Rebellion gets a hard rap. But my Mum was wrong.
Because being a rebel isn’t necessarily a bad thing. It can be a force of good. Even something worth celebrating.
It is thanks to the rebel in me, that I have walked away from people who did not deserve me, ran away from mediocre jobs and dared to dream of a more fulfilling and exciting life.
Sure my inner punk has got me into trouble on occasion, but honestly? I don’t know where I would be, without my bold, feisty friend.
I have never liked ‘safe’ nor ‘easy’.
And yet somehow, of late, that’s how I feel I have been living and working. I’ve become less of the woman I want to be, indeed less of the woman I am.
How did this happen? I don’t really know.

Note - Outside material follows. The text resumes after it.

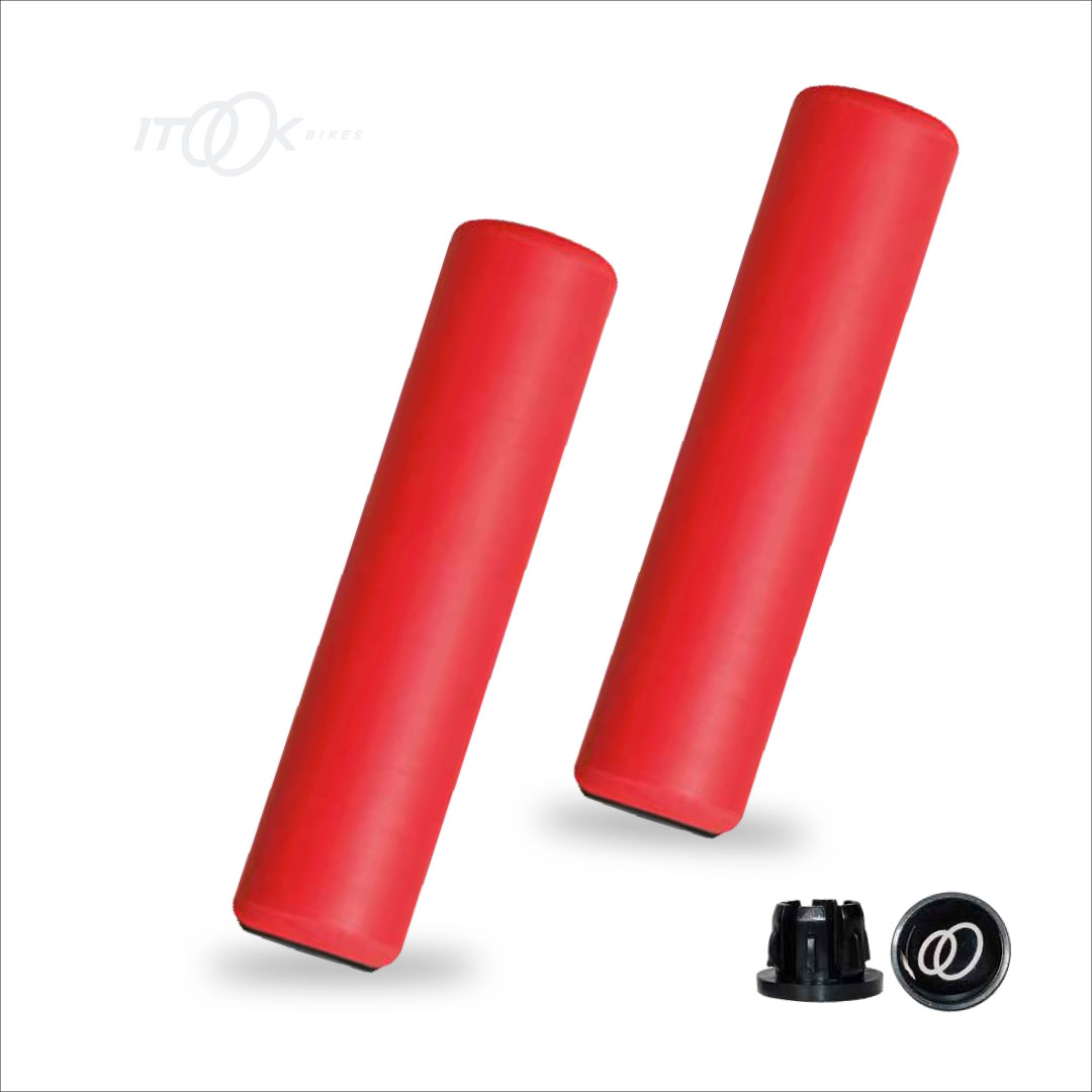 Mejora tu agarre con los grips de manillar ITOOK de silicona rojos. Diseño ergonómico para mayor confort.

Getting older, becoming a mother and perhaps being too conscious of what people may think, all have something to do with it I guess.
As does, my desire to be ‘nice’. And to be a better person.

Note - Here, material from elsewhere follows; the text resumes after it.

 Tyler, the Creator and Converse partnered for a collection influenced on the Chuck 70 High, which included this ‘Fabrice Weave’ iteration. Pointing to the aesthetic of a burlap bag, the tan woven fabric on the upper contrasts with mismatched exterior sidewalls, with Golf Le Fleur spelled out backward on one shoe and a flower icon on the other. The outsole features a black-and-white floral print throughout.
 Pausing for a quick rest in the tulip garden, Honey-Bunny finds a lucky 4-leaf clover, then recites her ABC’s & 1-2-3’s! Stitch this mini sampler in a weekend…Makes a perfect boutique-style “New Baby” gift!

Because you see, it’s tricky when you have an inner rebel waiting to burst out. Too much rebellion loses people and gets you in all sorts of bother. Yet too little makes you dull as dishwater.
The battle between ‘the good girl’ and ‘the rebel’ is a tough one to get right. And it’s my own personal battle that I have not yet ever managed to conquer.

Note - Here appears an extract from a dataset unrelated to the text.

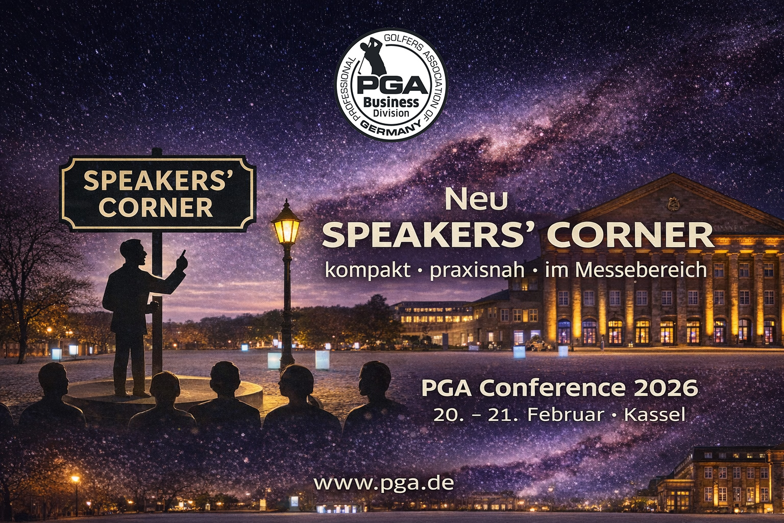 Die PGA Conference 2026 wirft ihre Schatten voraus: Am 20. und 21. Februar – erstmals an einem Freitag und einem Samstag – trifft sich die Golfbranche im Kongress Palais Kassel, um gemeinsam ins neue PGA-Jahr zu starten. Die Veranstaltung ist der traditionelle Jahresauftakt der PGA of Germany und bringt PGA Professionals, Teacher und Coaches, Player und Business-Experten der Golfbranche sowie die Partner des Berufsverbands und langjährige und künftige PGA Mitglieder mit einem umfangreichen PROGRAMM zusammen. Hier geht's direkt zur Anmeldung >>>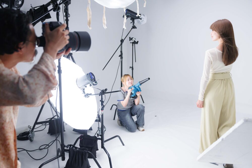 撮影は大阪のスタジオで行いました。現場にはプロカメラマンに、スタイルチェックや衣装チェックをするプロのヘアメイクさんも集合しています。学生たちも香盤表に合わせてスタジオ入り。いよいよプロジェクト集大成です。

The other day I came across a brilliant interview in which the headline took my breath away. Reading these words was like receiving a cold, hard slap across my face:
“How do you be the nice girl, but also the fierce heroine?”
This line. These words. This dilemma. It is the story of my life. How can I be the nice girl, but also the fierce heroine?
How. How. HOW?
Because this is what I’m aiming for. What I’ve always been aiming for. But it’s not easy.
Recently I’ve realised there’s been too much ‘nice’ and not enough ‘fierce’. And it’s made me a duller Kate.
I miss my inner rebel. I miss her bravery and recklessness, in a world in which far too many people play it safe.
And so I’m coaxing her back.
I’m nurturing her and I’m telling her that contrary to what many people think, she’s amazing.
Women are not supposed to be rebellious. We’re not supposed to upset the apple cart. We’re not supposed to speak up, wear what we want, challenge the status quo.
Most people prefer it if we give our mouths shut. Most little girls are told off for being too ‘bossy’.
And the reason? Well it’s very simple.
Rebellious women are a force to be reckoned with. Rebellious women are unforgettable. Rebellious woman get s**t done and live life on their terms.
I ask you, who wouldn’t want to be one of those?!
So from now on, I’m aiming to be rebel with a heart. A good woman, sometimes fierce, mostly kind and hopefully, always courageous.
A little more ‘Kate Moss’ and a little less ‘Kate Middleton’.
This is the aim.
This is the dream.
The other night I spoke to my husband about feeling like I’d lost my edge, and looking puzzled he said this: “But why? I’ve always found your edge to be so attractive. It’s what makes you stand out. It’s what I love about you.”
He is right. And I was wrong.
It is time to bring back the rebel. Watch this space.